Вернувшись, он сперва проверил стадо: на месте ли его коровы и козы. Никуда они не делись, все тут. Потом Митька осторожно двинулся к погребу.

Зеленые кругляши тоже лежали там, где он их оставил. На них уже налезли муравьи. Пестрая бабочка летала над ними. Митька присел на корточки и еще раз прочитал надпись. Оказывается, он не дочитал до конца. Внизу бирки стояла подпись: «Минер Кутузов».

«Рассказать кому или нет? — думал Митька. — Петяхе рассказывать нельзя! Всем растреплет. Он — трепло известное! Одному только Мишке учительскому можно».

И так захотелось Митьке поделиться новостью с Мишкой, что он, убедившись, что наевшиеся коровы лениво дремлют и козы крепко привязаны, стремглав побежал в деревню.

Выбежав на шоссе, Митька увидел грузовик. Подождав, пока грузовик поравняется с ним, Митька ловко уцепился за задний борт. Так он часто добирался до деревни. Водители-немцы обычно ничего не замечали. На этот раз ему не повезло. Только он уселся на борт, как машина резко затормозила, и не успел Митька удрать, как перед ним вырос немец.

Митька знал этого шофера. Он жил в Петяхиной избе, через три дома от Митьки, и огромная машина каждую ночь стояла на гусином ложке у Безымянки. По утрам немец шел мыться на Безымянку. Был он краснолицый, всегда мрачный. Петяха рассказывал, что немец никогда с ними не разговаривает. Только тычет пальцем: давайте то, давайте это!

— Я сейчас слезу, — сказал было Митька, но шофер рванул его за ногу, и, падая, Митька машинально ухватился за него. Послышался треск, и зеленый погон немца остался в Митькиной руке.

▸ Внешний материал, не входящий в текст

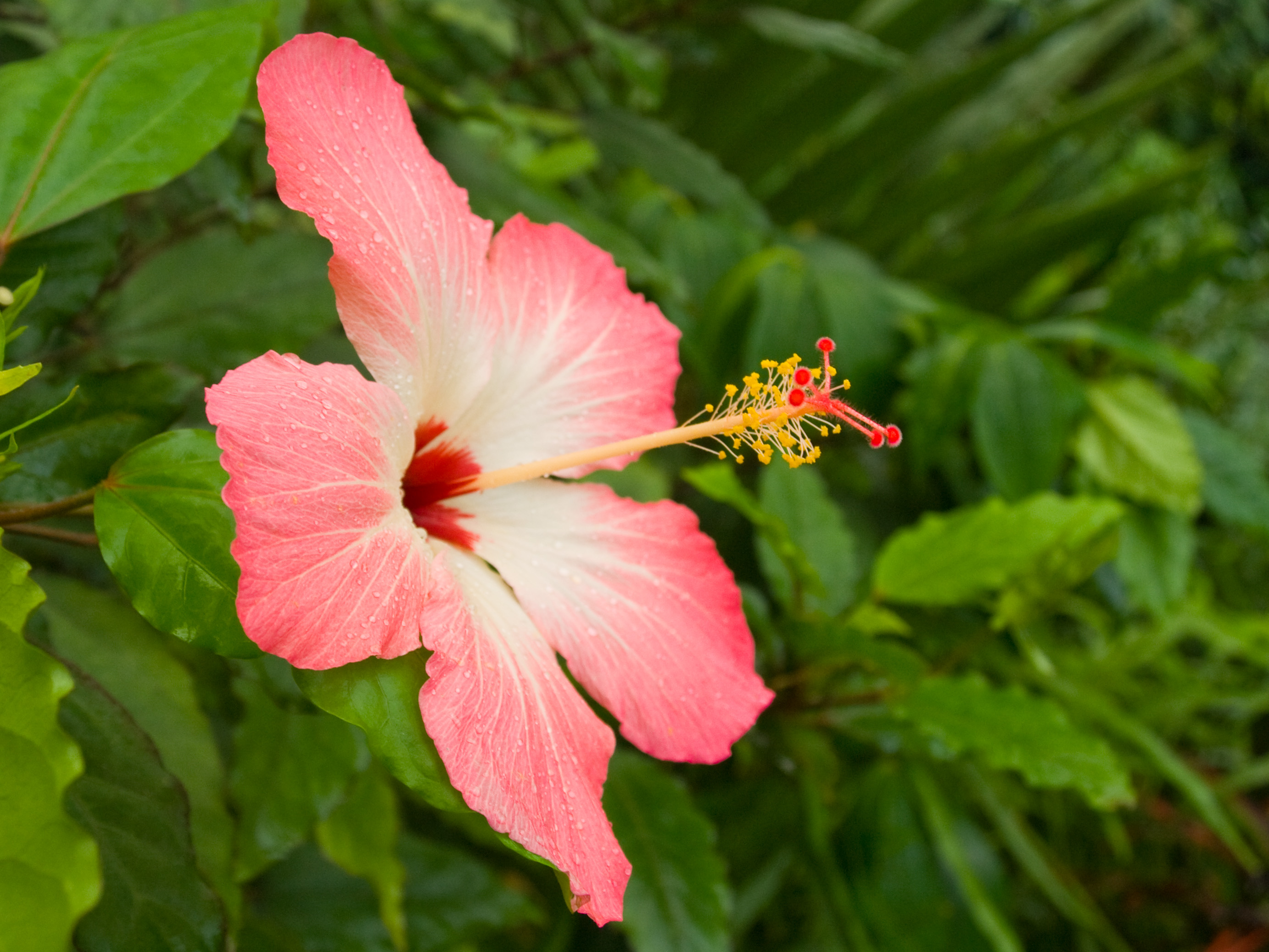 Hibiscus, Fata Morgana greenhouse, Prague Botanic Garden in Troja

— О майн гот! Руссиш швайн! — взвыл немец; от него пахнуло винным перегаром. — Руссиш швайн! — яростно повторил немец и, подняв Митьку над головой, что есть силы шмякнул об асфальт.

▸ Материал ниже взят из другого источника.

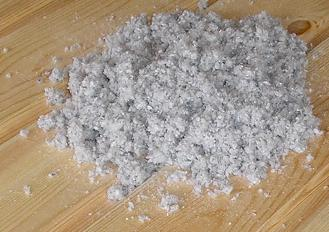 Ekowool

… Митька очнулся, медленно переполз с асфальта в канаву и сунул разбитое лицо в затхлую коричневую воду, распугав кривоногих водяных пауков.

Лицо засаднило ещё сильнее, но особенно болели руки. Ладони густо залепила грязь, и алая кровь проступала через неё.

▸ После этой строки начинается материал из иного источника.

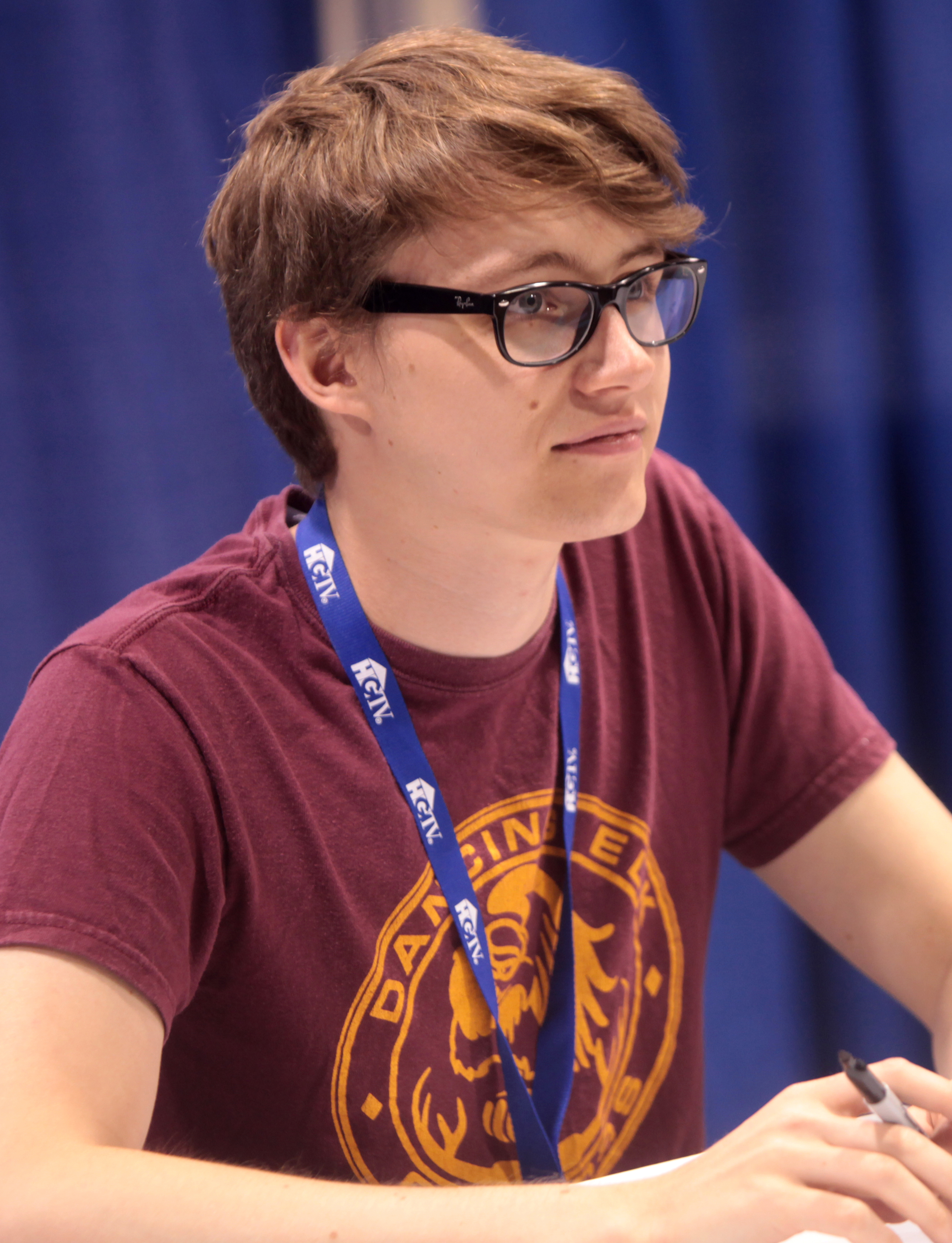 Charlie McDonnell speaking at the 2014 VidCon on June 28, 2014.

Митька сделал несколько глотков, не понимая вкуса воды, потом, закашлявшись, выплюнул вместе с кровью два зуба.

Ползком он выбрался из канавы, маленький коренастый русский мужик, мокрые волосы его топорщились, рубаха прилипла к телу.

Он сделал всего несколько шагов, ноги подкосились, и он сел на землю. Посидел-посидел, снова поднялся, пошел, покачиваясь, уже не падая, назад к березняку.

— Подожди у меня, волчина гадская! — грозно простонал он.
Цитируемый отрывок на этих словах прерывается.